→ **Exercise**:
Retype the material below, keeping each line identical.

Segment Open

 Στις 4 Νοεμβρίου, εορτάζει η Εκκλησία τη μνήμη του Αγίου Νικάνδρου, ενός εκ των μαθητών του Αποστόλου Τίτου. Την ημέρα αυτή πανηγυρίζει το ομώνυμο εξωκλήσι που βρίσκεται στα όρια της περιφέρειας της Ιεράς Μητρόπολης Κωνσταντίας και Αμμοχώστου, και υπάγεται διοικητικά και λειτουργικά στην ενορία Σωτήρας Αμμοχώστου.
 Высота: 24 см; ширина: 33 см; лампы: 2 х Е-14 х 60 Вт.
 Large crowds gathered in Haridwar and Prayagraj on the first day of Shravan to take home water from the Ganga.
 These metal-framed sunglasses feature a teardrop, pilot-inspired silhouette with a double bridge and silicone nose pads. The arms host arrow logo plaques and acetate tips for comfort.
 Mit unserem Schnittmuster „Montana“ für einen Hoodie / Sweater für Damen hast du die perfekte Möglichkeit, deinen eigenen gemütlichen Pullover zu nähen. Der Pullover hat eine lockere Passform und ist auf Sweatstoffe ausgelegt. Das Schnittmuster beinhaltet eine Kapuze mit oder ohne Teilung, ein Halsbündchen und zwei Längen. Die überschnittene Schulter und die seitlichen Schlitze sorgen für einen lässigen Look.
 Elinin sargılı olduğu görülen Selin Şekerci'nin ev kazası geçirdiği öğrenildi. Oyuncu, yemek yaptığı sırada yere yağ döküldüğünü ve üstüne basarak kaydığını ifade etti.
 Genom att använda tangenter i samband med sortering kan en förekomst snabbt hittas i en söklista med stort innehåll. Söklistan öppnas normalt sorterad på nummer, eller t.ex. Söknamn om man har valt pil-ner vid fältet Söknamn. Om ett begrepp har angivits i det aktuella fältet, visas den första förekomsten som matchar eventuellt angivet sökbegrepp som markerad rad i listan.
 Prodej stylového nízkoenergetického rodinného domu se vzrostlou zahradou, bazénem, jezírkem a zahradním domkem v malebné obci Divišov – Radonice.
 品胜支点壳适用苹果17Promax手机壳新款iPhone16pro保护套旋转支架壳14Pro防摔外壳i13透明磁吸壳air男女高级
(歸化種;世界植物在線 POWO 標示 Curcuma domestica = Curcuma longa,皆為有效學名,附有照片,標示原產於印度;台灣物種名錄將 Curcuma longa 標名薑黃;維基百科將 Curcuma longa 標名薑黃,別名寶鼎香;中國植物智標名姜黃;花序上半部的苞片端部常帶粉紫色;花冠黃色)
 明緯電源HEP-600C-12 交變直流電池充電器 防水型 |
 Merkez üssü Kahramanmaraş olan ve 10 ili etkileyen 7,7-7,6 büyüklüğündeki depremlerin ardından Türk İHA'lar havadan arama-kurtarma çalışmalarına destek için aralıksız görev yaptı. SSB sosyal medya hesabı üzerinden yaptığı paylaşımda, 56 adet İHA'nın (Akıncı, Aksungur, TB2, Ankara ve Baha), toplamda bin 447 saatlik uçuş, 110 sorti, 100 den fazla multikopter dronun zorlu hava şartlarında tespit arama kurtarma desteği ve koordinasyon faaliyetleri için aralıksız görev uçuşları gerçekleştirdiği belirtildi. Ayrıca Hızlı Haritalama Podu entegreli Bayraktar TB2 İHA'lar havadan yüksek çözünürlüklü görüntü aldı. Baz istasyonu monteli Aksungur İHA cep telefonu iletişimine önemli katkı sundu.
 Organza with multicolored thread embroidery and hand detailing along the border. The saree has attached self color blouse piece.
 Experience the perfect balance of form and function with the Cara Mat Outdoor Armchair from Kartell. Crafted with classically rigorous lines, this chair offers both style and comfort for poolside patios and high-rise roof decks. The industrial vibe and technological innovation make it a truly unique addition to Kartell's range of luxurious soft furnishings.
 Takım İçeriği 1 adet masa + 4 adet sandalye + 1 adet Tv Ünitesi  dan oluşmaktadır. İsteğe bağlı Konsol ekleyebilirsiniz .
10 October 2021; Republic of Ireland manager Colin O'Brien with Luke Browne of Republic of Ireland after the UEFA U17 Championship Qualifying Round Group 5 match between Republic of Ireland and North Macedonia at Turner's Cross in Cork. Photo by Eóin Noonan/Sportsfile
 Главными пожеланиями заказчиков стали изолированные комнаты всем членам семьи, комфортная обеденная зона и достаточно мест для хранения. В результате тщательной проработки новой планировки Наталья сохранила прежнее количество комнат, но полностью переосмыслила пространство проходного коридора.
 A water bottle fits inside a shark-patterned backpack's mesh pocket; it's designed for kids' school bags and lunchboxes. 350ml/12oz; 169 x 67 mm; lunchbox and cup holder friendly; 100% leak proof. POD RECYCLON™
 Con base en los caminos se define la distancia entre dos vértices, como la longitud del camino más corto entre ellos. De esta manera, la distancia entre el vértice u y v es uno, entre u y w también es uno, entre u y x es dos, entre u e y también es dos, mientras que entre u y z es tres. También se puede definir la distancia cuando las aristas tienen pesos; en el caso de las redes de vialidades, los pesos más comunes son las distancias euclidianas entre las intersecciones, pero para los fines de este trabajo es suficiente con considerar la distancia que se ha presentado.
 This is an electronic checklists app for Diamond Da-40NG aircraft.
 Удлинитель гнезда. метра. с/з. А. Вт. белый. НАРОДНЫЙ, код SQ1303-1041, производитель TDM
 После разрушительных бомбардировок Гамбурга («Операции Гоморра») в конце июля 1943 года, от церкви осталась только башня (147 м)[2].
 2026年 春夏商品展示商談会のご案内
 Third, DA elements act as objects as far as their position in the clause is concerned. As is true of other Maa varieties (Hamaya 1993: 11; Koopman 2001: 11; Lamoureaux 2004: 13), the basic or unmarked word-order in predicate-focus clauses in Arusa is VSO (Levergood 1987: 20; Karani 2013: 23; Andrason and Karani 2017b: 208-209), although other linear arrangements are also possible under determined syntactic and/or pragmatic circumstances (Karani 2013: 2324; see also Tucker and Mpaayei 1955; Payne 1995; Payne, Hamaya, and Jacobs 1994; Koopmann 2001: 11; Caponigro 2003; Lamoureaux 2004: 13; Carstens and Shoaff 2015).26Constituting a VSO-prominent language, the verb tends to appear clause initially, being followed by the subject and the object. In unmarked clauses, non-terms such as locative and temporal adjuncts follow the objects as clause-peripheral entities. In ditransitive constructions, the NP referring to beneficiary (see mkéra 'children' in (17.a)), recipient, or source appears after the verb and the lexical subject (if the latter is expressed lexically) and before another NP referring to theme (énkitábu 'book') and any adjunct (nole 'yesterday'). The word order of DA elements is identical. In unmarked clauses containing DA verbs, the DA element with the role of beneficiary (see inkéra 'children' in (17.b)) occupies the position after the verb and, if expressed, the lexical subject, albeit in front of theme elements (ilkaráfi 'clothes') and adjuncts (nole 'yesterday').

Segment Closed

→ **Response**:
 Στις 4 Νοεμβρίου, εορτάζει η Εκκλησία τη μνήμη του Αγίου Νικάνδρου, ενός εκ των μαθητών του Αποστόλου Τίτου. Την ημέρα αυτή πανηγυρίζει το ομώνυμο εξωκλήσι που βρίσκεται στα όρια της περιφέρειας της Ιεράς Μητρόπολης Κωνσταντίας και Αμμοχώστου, και υπάγεται διοικητικά και λειτουργικά στην ενορία Σωτήρας Αμμοχώστου.
 Высота: 24 см; ширина: 33 см; лампы: 2 х Е-14 х 60 Вт.
 Large crowds gathered in Haridwar and Prayagraj on the first day of Shravan to take home water from the Ganga.
 These metal-framed sunglasses feature a teardrop, pilot-inspired silhouette with a double bridge and silicone nose pads. The arms host arrow logo plaques and acetate tips for comfort.
 Mit unserem Schnittmuster „Montana“ für einen Hoodie / Sweater für Damen hast du die perfekte Möglichkeit, deinen eigenen gemütlichen Pullover zu nähen. Der Pullover hat eine lockere Passform und ist auf Sweatstoffe ausgelegt. Das Schnittmuster beinhaltet eine Kapuze mit oder ohne Teilung, ein Halsbündchen und zwei Längen. Die überschnittene Schulter und die seitlichen Schlitze sorgen für einen lässigen Look.
 Elinin sargılı olduğu görülen Selin Şekerci'nin ev kazası geçirdiği öğrenildi. Oyuncu, yemek yaptığı sırada yere yağ döküldüğünü ve üstüne basarak kaydığını ifade etti.
 Genom att använda tangenter i samband med sortering kan en förekomst snabbt hittas i en söklista med stort innehåll. Söklistan öppnas normalt sorterad på nummer, eller t.ex. Söknamn om man har valt pil-ner vid fältet Söknamn. Om ett begrepp har angivits i det aktuella fältet, visas den första förekomsten som matchar eventuellt angivet sökbegrepp som markerad rad i listan.
 Prodej stylového nízkoenergetického rodinného domu se vzrostlou zahradou, bazénem, jezírkem a zahradním domkem v malebné obci Divišov – Radonice.
 品胜支点壳适用苹果17Promax手机壳新款iPhone16pro保护套旋转支架壳14Pro防摔外壳i13透明磁吸壳air男女高级
(歸化種;世界植物在線 POWO 標示 Curcuma domestica = Curcuma longa,皆為有效學名,附有照片,標示原產於印度;台灣物種名錄將 Curcuma longa 標名薑黃;維基百科將 Curcuma longa 標名薑黃,別名寶鼎香;中國植物智標名姜黃;花序上半部的苞片端部常帶粉紫色;花冠黃色)
 明緯電源HEP-600C-12 交變直流電池充電器 防水型 |
 Merkez üssü Kahramanmaraş olan ve 10 ili etkileyen 7,7-7,6 büyüklüğündeki depremlerin ardından Türk İHA'lar havadan arama-kurtarma çalışmalarına destek için aralıksız görev yaptı. SSB sosyal medya hesabı üzerinden yaptığı paylaşımda, 56 adet İHA'nın (Akıncı, Aksungur, TB2, Ankara ve Baha), toplamda bin 447 saatlik uçuş, 110 sorti, 100 den fazla multikopter dronun zorlu hava şartlarında tespit arama kurtarma desteği ve koordinasyon faaliyetleri için aralıksız görev uçuşları gerçekleştirdiği belirtildi. Ayrıca Hızlı Haritalama Podu entegreli Bayraktar TB2 İHA'lar havadan yüksek çözünürlüklü görüntü aldı. Baz istasyonu monteli Aksungur İHA cep telefonu iletişimine önemli katkı sundu.
 Organza with multicolored thread embroidery and hand detailing along the border. The saree has attached self color blouse piece.
 Experience the perfect balance of form and function with the Cara Mat Outdoor Armchair from Kartell. Crafted with classically rigorous lines, this chair offers both style and comfort for poolside patios and high-rise roof decks. The industrial vibe and technological innovation make it a truly unique addition to Kartell's range of luxurious soft furnishings.
 Takım İçeriği 1 adet masa + 4 adet sandalye + 1 adet Tv Ünitesi  dan oluşmaktadır. İsteğe bağlı Konsol ekleyebilirsiniz .
10 October 2021; Republic of Ireland manager Colin O'Brien with Luke Browne of Republic of Ireland after the UEFA U17 Championship Qualifying Round Group 5 match between Republic of Ireland and North Macedonia at Turner's Cross in Cork. Photo by Eóin Noonan/Sportsfile
 Главными пожеланиями заказчиков стали изолированные комнаты всем членам семьи, комфортная обеденная зона и достаточно мест для хранения. В результате тщательной проработки новой планировки Наталья сохранила прежнее количество комнат, но полностью переосмыслила пространство проходного коридора.
 A water bottle fits inside a shark-patterned backpack's mesh pocket; it's designed for kids' school bags and lunchboxes. 350ml/12oz; 169 x 67 mm; lunchbox and cup holder friendly; 100% leak proof. POD RECYCLON™
 Con base en los caminos se define la distancia entre dos vértices, como la longitud del camino más corto entre ellos. De esta manera, la distancia entre el vértice u y v es uno, entre u y w también es uno, entre u y x es dos, entre u e y también es dos, mientras que entre u y z es tres. También se puede definir la distancia cuando las aristas tienen pesos; en el caso de las redes de vialidades, los pesos más comunes son las distancias euclidianas entre las intersecciones, pero para los fines de este trabajo es suficiente con considerar la distancia que se ha presentado.
 This is an electronic checklists app for Diamond Da-40NG aircraft.
 Удлинитель гнезда. метра. с/з. А. Вт. белый. НАРОДНЫЙ, код SQ1303-1041, производитель TDM
 После разрушительных бомбардировок Гамбурга («Операции Гоморра») в конце июля 1943 года, от церкви осталась только башня (147 м)[2].
 2026年 春夏商品展示商談会のご案内
 Third, DA elements act as objects as far as their position in the clause is concerned. As is true of other Maa varieties (Hamaya 1993: 11; Koopman 2001: 11; Lamoureaux 2004: 13), the basic or unmarked word-order in predicate-focus clauses in Arusa is VSO (Levergood 1987: 20; Karani 2013: 23; Andrason and Karani 2017b: 208-209), although other linear arrangements are also possible under determined syntactic and/or pragmatic circumstances (Karani 2013: 2324; see also Tucker and Mpaayei 1955; Payne 1995; Payne, Hamaya, and Jacobs 1994; Koopmann 2001: 11; Caponigro 2003; Lamoureaux 2004: 13; Carstens and Shoaff 2015).26Constituting a VSO-prominent language, the verb tends to appear clause initially, being followed by the subject and the object. In unmarked clauses, non-terms such as locative and temporal adjuncts follow the objects as clause-peripheral entities. In ditransitive constructions, the NP referring to beneficiary (see mkéra 'children' in (17.a)), recipient, or source appears after the verb and the lexical subject (if the latter is expressed lexically) and before another NP referring to theme (énkitábu 'book') and any adjunct (nole 'yesterday'). The word order of DA elements is identical. In unmarked clauses containing DA verbs, the DA element with the role of beneficiary (see inkéra 'children' in (17.b)) occupies the position after the verb and, if expressed, the lexical subject, albeit in front of theme elements (ilkaráfi 'clothes') and adjuncts (nole 'yesterday').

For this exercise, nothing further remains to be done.